14. I have perused the order proposed by my learned brother Shri Jain.
However, with respect, I find myself in disagreement with it. The following points, in my view, need to be kept in view in arriving at a proper decision on the classification of the goods involved in the present four appeals. They are : (i) It would appear from the Orders-in-Original passed by the Assistant Collector that the original bills of entry covering the goods showed that the product had a viscosity of less than 100 seconds at 100F. The bills of entry were apparently with the importers (the appellants) till the payment of duty but they would not seem to have contested the test results.
(ii) Before the Assistant Collector, the importers expressed a doubt about the test results and wanted the matter to be referred to the Chemist and wished to have a personal discussion with him. As desired, the matter was referred to the Chemist. They were given an opportunity by the Chemist to discuss the matter but they would appear not to have availed themselves of the opportunity. If there was any reason to doubt the results of the test conducted by the Customs Laboratory, as the importers would appear to have entertained, it was open to them to either discuss the matter with the Chemist and satisfy themselves about the correctness or otherwise of the test result or asked for a re-test of the goods in accordance with the established procedure. They seem to have not availed themselves of either of these courses.
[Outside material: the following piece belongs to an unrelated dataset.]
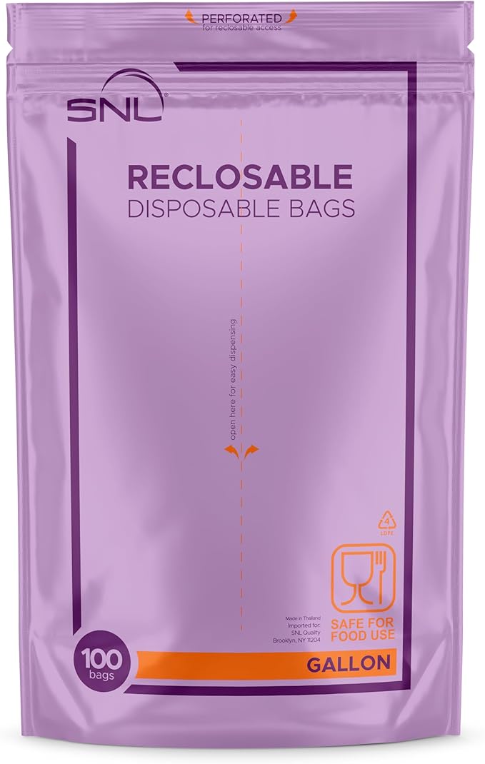 Gallon Food Bags by SNL -100 Pack- Leak-Proof, Clear, Write-On Block, Reclosable, Disposable Storage Bags, Double Seal Zippers with Clicking Noise Zip Confirmation, Stand-Alone Gusset, Easy Dispensing

(iii) Such being the circumstances, it would not be proper to discard the results obtained by the Chemist of the Customs Laboratory and opt for the specifications as stated in the literature furnished by the supplier of the goods or the certificate of analysis furnished by them. As would be evident from the Tribunal's decision in the Navbharat Enterprises [1983 ELT 1134] liquid paraffin could fall under one of three items of the Central Excise Tariff, namely, 8, 11A or 68. It is obvious, therefore, that the actual result of test of a particular parcel of liquid paraffin would determine the appropriate classification. It is not as if all liquid paraffins have the same specifications. The specifications can differ from parcel to parcel. It is, therefore, that the Customs Laboratory test results assume significance especially in the context of the appellants not choosing to contest them and not availing themselves of the opportunity for discussion with the Chemist or for a re-test.
(iv) The liquid paraffin in 1983 ELT 1134 would appear from the Order to have been not a proprietary product. In the present case, the goods are seen from the record to be a proprietary or branded product of Atlantic Richfield Company, USA. According to the Tribunal's Order inLubri-Chem Industries Pvt. Ltd,, Bombay v. Collector of Central Excise, Bombay - 1983 ELT 2408 - such branded liquid paraffin conforming to pharmaceutical grades would fall for classification under Item 14E of the CET ("Patent or Proprietary Medicine"). Of course, such a plea has not been taken up in these proceedings. But, the Order shows that Item 68 CET is not appropriate.
15. Considering the above circumstances, I do not see any reason to discard the Customs Laboratory test results. In this view of the matter, I do not see any reason to interfere with the impugned orders.
The appeals, therefore, fail and are rejected.